### Data for analysis
-- Opening Marker --
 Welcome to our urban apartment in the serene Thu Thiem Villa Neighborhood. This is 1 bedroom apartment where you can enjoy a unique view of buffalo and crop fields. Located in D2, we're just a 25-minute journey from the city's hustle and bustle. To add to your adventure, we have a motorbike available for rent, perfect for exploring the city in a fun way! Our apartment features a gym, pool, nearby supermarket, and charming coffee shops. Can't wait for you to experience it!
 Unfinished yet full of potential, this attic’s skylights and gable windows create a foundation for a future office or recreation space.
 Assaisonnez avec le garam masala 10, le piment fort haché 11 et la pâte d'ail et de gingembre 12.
-- Closing Marker --
-- Opening Marker --
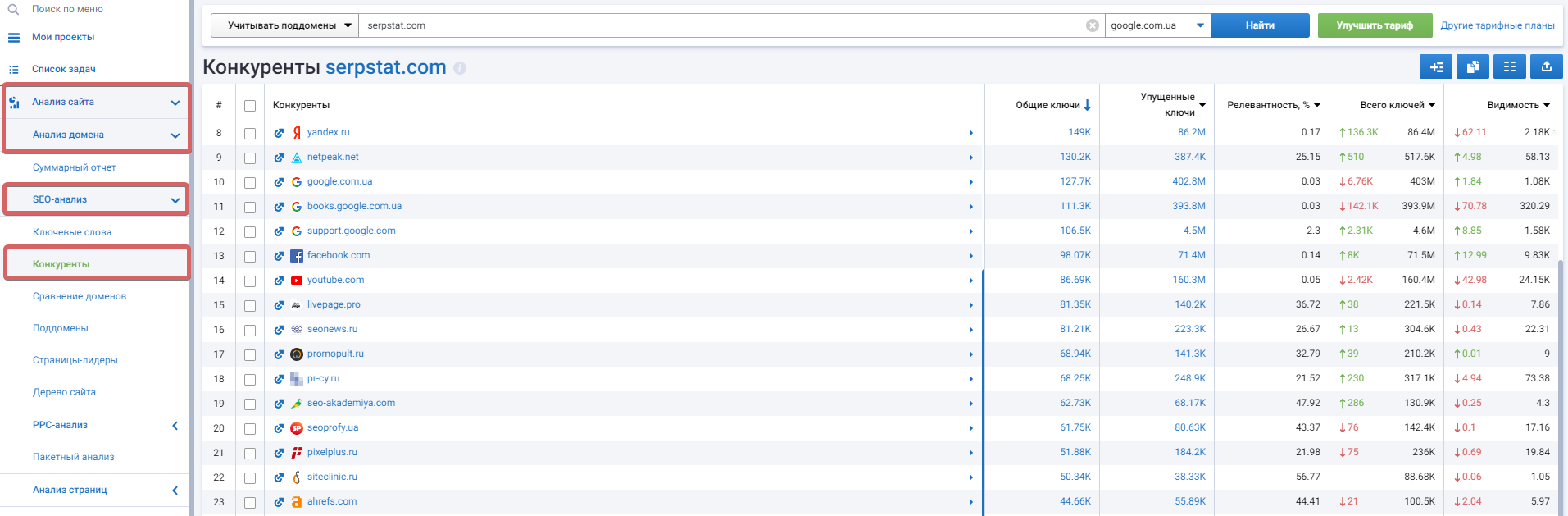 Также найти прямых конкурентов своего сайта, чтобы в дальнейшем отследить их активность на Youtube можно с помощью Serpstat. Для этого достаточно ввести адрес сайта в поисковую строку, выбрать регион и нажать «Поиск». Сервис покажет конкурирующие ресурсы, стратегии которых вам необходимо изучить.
-- Closing Marker --
### Task brief
Return, with no change at all, every line in the entries above from the line containing "Welcome to our" through the line containing "Assaisonnez avec le".

### Reply to the task
 Welcome to our urban apartment in the serene Thu Thiem Villa Neighborhood. This is 1 bedroom apartment where you can enjoy a unique view of buffalo and crop fields. Located in D2, we're just a 25-minute journey from the city's hustle and bustle. To add to your adventure, we have a motorbike available for rent, perfect for exploring the city in a fun way! Our apartment features a gym, pool, nearby supermarket, and charming coffee shops. Can't wait for you to experience it!
 Unfinished yet full of potential, this attic’s skylights and gable windows create a foundation for a future office or recreation space.
 Assaisonnez avec le garam masala 10, le piment fort haché 11 et la pâte d'ail et de gingembre 12.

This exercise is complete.